Medically reviewed by Evelyn O. Berman, M.D.
Written by Nyaka Mwanza
Posted on April 3, 2022

MS Fatigue | When Stimulants Are Used | Effectiveness | Risk | Stimulants Used | Weighing Decisions | Support

One of the most common symptoms of multiple sclerosis (MS) is fatigue, which affects as many as 95 percent of people with this condition. People with fatigue experience extreme exhaustion or a lack of physical and mental energy. Fatigue is tiredness unrelated to lack of sleep or overexertion and is disabling enough to get in the way of day-to-day life. “My brain and body just stop working,” a MyMSTeam member said about their fatigue.

In some cases, central nervous system (CNS) stimulants may help some people with their MS fatigue. CNS stimulants, also known as neurostimulants or psychostimulants, are a class of prescription drugs that increase wakefulness and energy levels. It is not clear whether psychostimulants are effective in treating fatigue.

MS Fatigue

MS fatigue can be debilitating, drastically affect your quality of life, and can make other symptoms of relapsing-remitting MS worse.
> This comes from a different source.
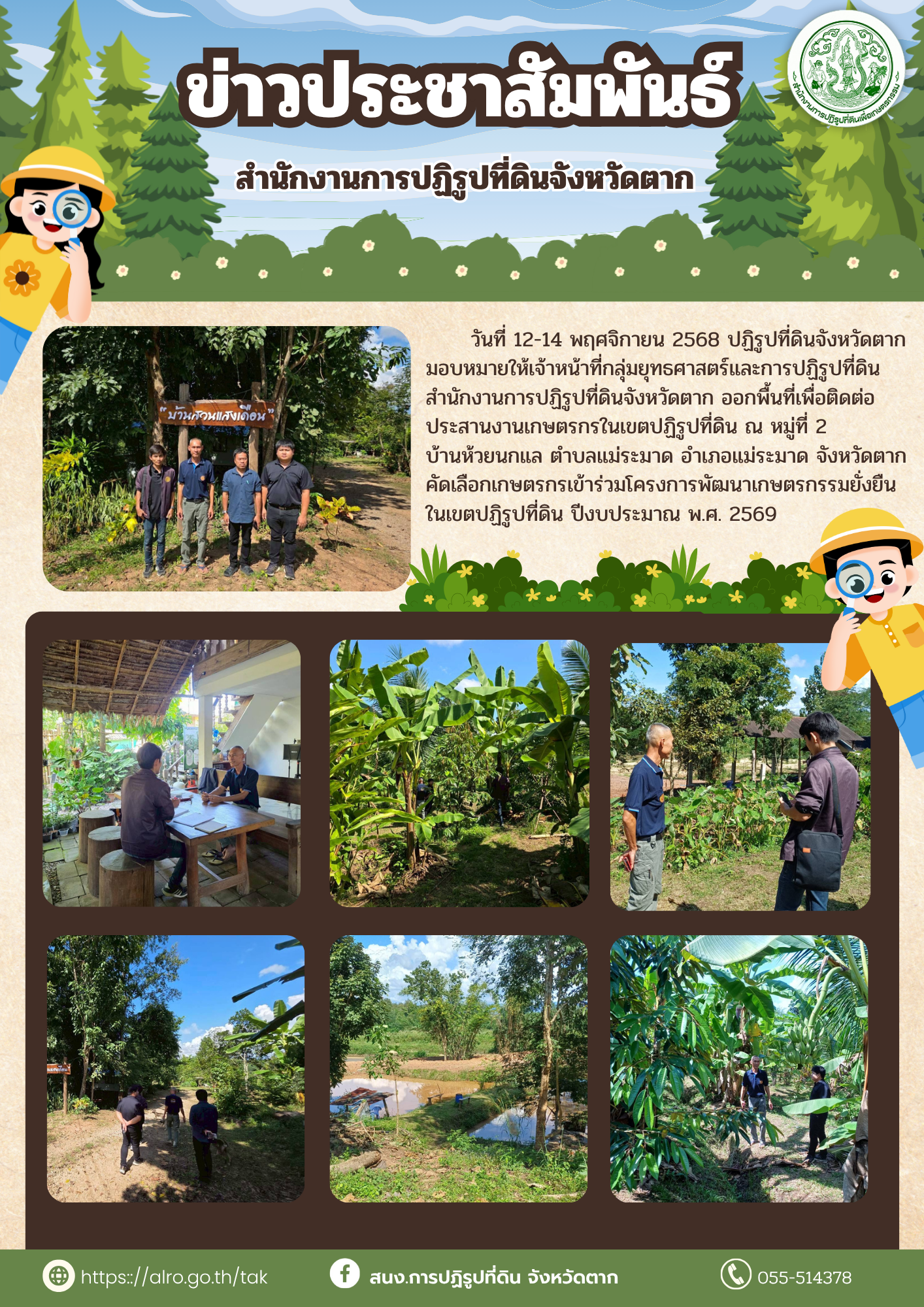 สำนักงานการปฏิรูปที่ดินจังหวัดตาก ประสานงานเกษตรกรเข้าร่วมโครงการพัฒนาเกษตรกรรมยั่งยืนในเขตปฏิรูปที่ดิน ปีงบประมาณ พ.ศ.2569

People with all types of MS experience fatigue. “I have no energy,” said a MyMSTeam member. “And I think the fatigue makes my sleep issues worse.” In one survey, almost 55 percent of people stated that fatigue was their worst MS symptom. Because the exact cause of fatigue in MS is still unknown, treating it can be challenging.

MS fatigue is complex and not fully understood:

  • Fatigue may be related to the inflammatory or immune-mediated effects of MS.
  • Fatigue can be a side effect of a drug or therapy used to manage symptoms, and it can make MS symptoms worse.
  • Fatigue may be a symptom of another condition altogether.
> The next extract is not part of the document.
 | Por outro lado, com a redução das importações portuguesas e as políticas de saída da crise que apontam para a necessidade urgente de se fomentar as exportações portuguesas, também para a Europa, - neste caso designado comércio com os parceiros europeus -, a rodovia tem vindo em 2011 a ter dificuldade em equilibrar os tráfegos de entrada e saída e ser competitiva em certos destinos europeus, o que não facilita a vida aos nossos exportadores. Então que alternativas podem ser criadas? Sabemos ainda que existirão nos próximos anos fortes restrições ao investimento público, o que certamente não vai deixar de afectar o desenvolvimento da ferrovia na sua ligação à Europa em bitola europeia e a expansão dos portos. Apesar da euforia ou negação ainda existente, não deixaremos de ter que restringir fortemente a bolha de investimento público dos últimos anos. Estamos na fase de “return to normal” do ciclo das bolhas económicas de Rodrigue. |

When Are Stimulants Used for MS Fatigue?

Most guidelines state that stimulants should only be considered for the treatment of MS fatigue after other measures (energy conservation strategies, staying cool, regular exercise) have failed. Health care providers are recommended to try an effective combination of nondrug interventions to treat MS fatigue before prescribing medication.
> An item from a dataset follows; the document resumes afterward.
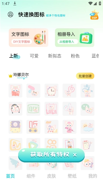 快速换图标,这款美化工具操作简单,能帮你快速更换图标,不仅提供了海量精美图标包,支持一键替换所有图标,还能让你自由自定义图标样式。除此之外,它还有丰富多样的键盘皮肤、创意桌面小部件以及精美壁纸供你选择,各种风格应有尽有,满足你的个性化需求。

When prescribed, stimulant drugs are usually one of several fatigue management strategies used to treat MS-related fatigue. Many fatigue management strategies, therapies, and tools don’t involve medication. There is also more and better data to support these nondrug MS fatigue therapies.

Are Stimulants Effective for MS Fatigue?

Psychostimulants work by speeding up the CNS and increasing the amount of two important neurochemicals: norepinephrine and dopamine. For most people struggling with MS fatigue, stimulants on their own are not very effective. In some cases, stimulants can help MS fatigue in combination with other fatigue management interventions. Clinical trials on how well various stimulants treat MS fatigue thus far have been limited.

Current evidence shows contradictory or conflicting results about how well psychostimulants work against MS fatigue. For example, one small study published in the journal Multiple Sclerosis found that methylphenidate was likely less effective at alleviating MS fatigue than placebo.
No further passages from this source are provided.